WORKING DATA Start Marker
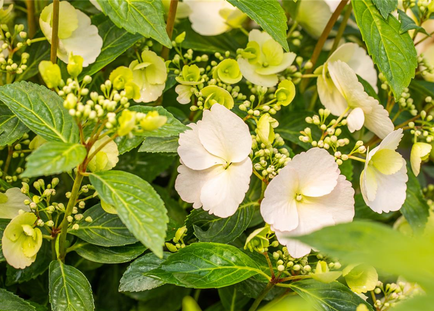 Die weißen, schalenförmigen Blüten der Girlanden-Hortensie 'Runaway Bride'® erscheinen in Dolden von Juni bis September.
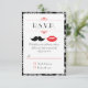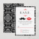 Läckra röda läppar och en elegant mustasch är huvudattraktionerna i denna moderna bröllopsinbjudan. Det damask-mönstrade bakgrunden tillför en touch av klass.
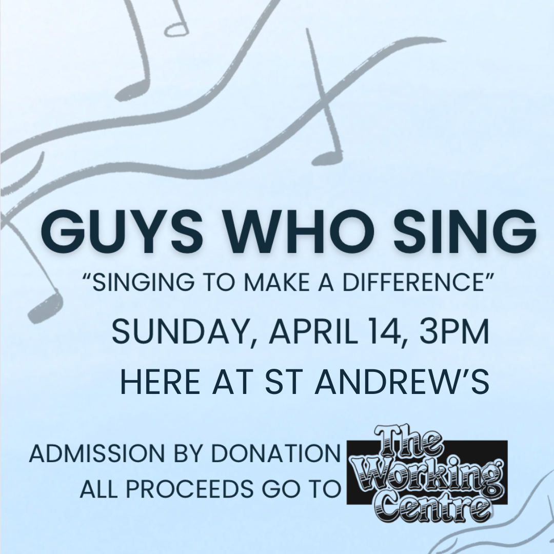 Come out to St. Andrew’s on Sunday, April 14 at 3 p.m. to hear a wonderful program of male choir singing, exceptional soloists and to support The Working Centre. Admission is pay-what-you-are-able. Mark your calendars and we’ll see you there!
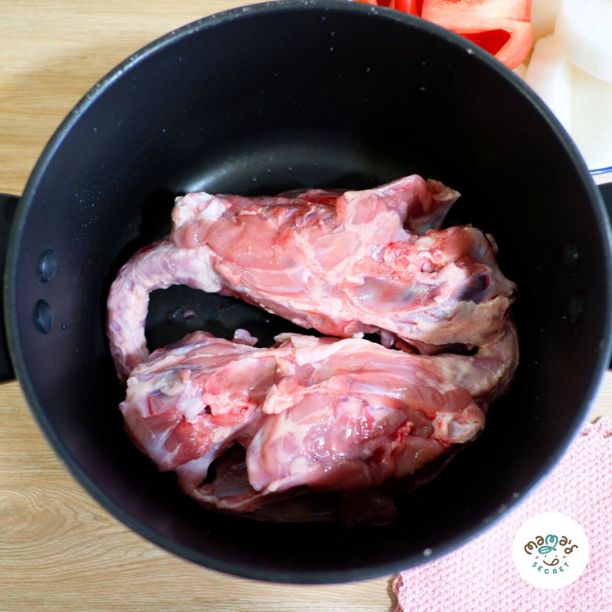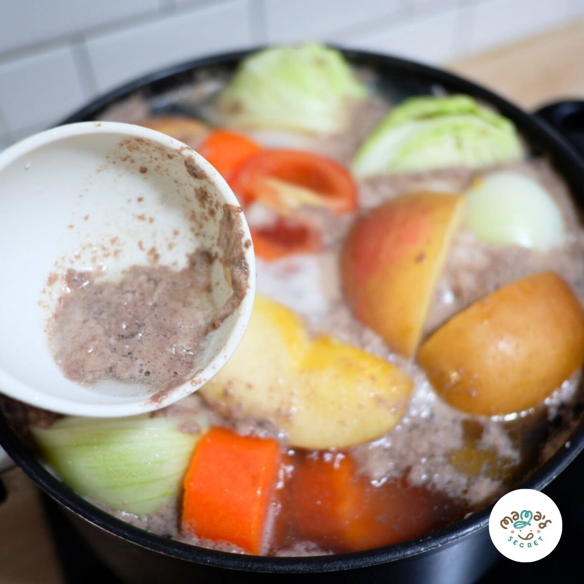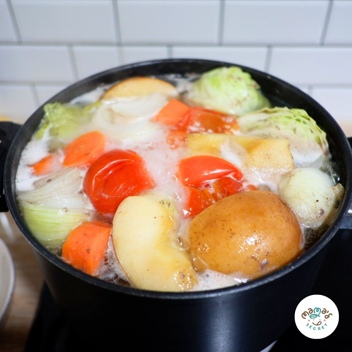 ขั้นตอนที่ 5 นำโครงไก่ และผักผลไม้ที่หั่นไว้ลงในหม้อที่จะทำการต้มน้ำซุป
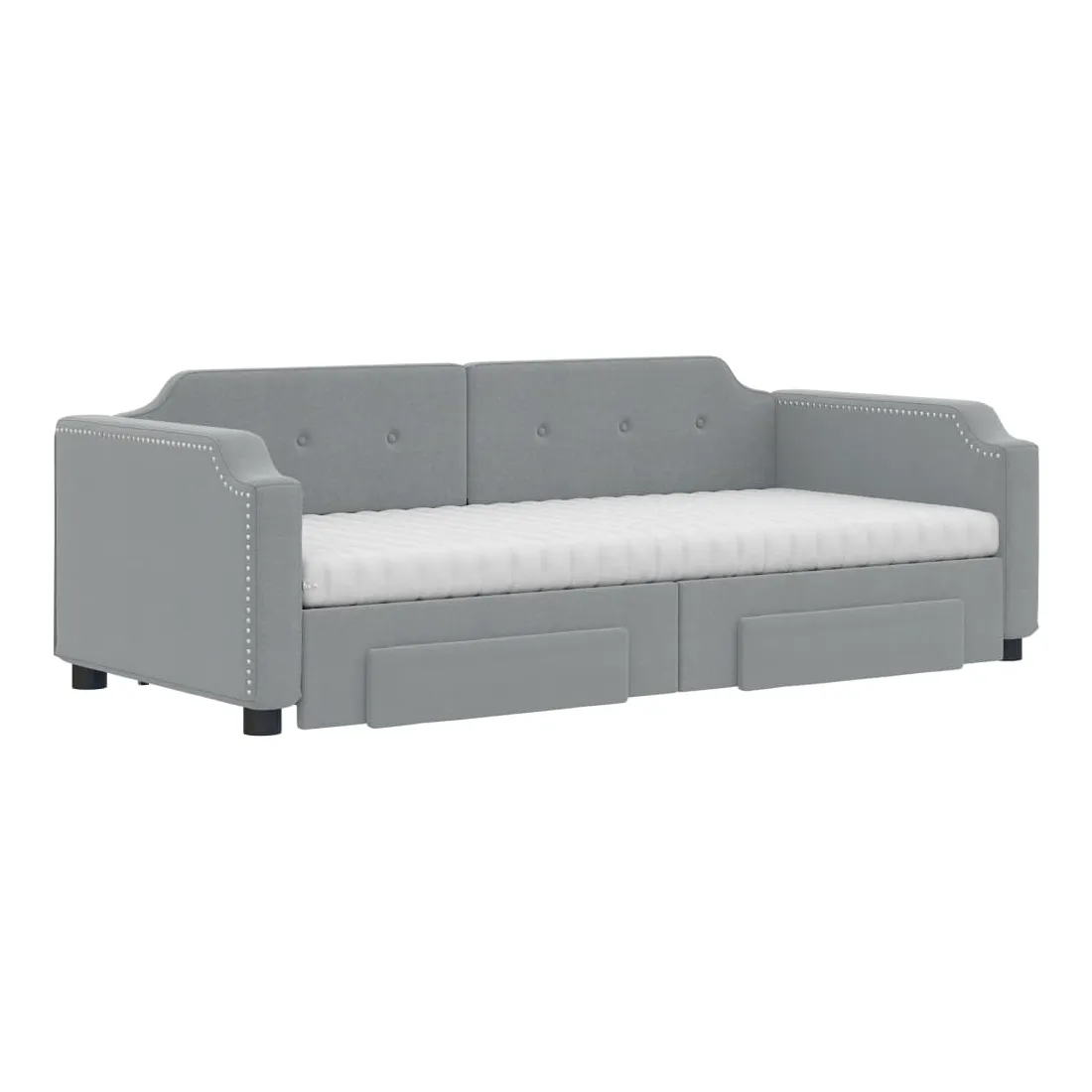 Lit de jour avec gigogne et tiroirs gris clair 90x190 cm tissu
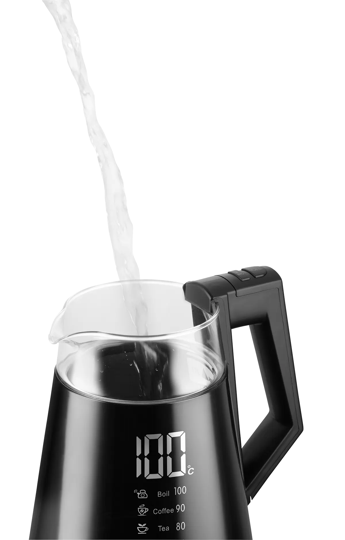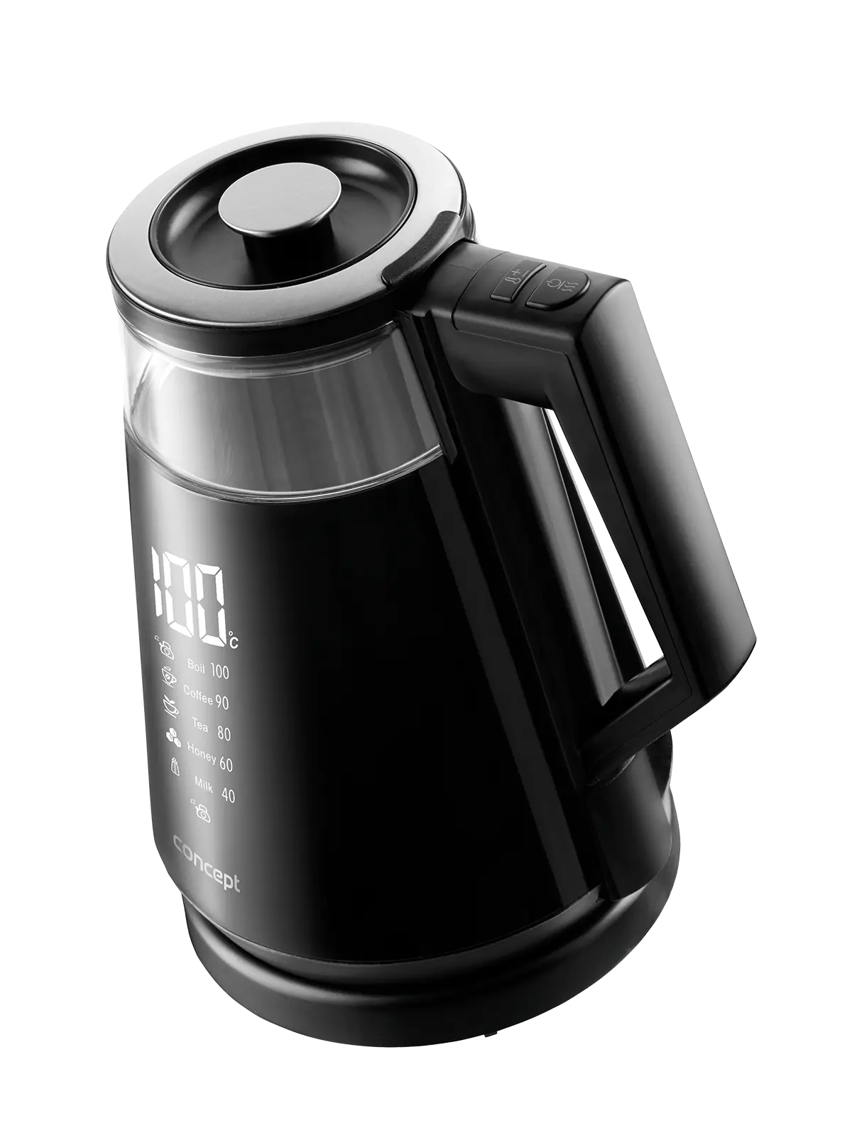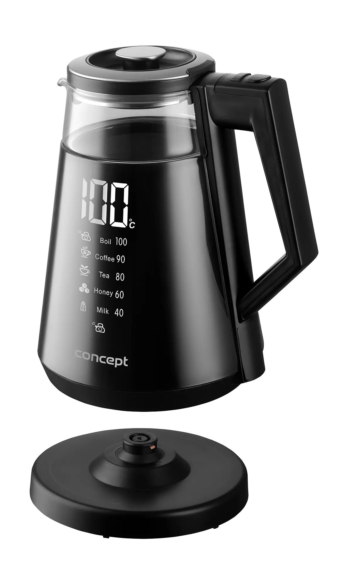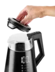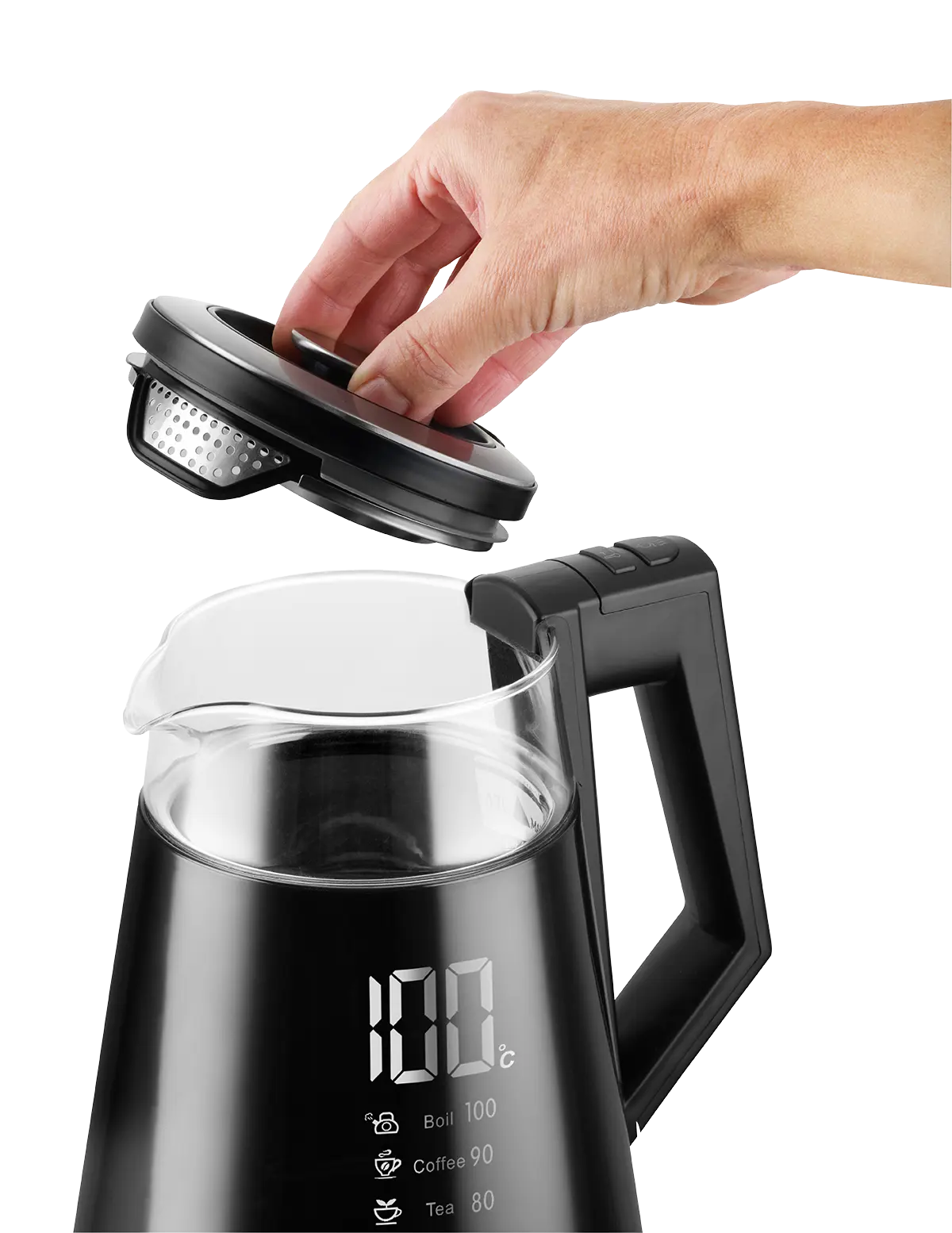 Rýchlovarná kanvica je vybavená digitálnym ovládaním s možnosťou nastavenia 7 stupňov teploty, takže v nej pripravíte všetko od detských príkrmov po najrôznejšie druhy čajov. Vyniká dizajnom dymového skla a nerezu s farebným podsvietením.
WORKING DATA End Marker
• _EXERCISE DIRECTIONS_
The copy should begin at the line containing "Lit de jour" and end at the last line of the data above; please restate those lines word for word without the pictures.

• _RESULT OF THE TASK_
 Lit de jour avec gigogne et tiroirs gris clair 90x190 cm tissu
 Rýchlovarná kanvica je vybavená digitálnym ovládaním s možnosťou nastavenia 7 stupňov teploty, takže v nej pripravíte všetko od detských príkrmov po najrôznejšie druhy čajov. Vyniká dizajnom dymového skla a nerezu s farebným podsvietením.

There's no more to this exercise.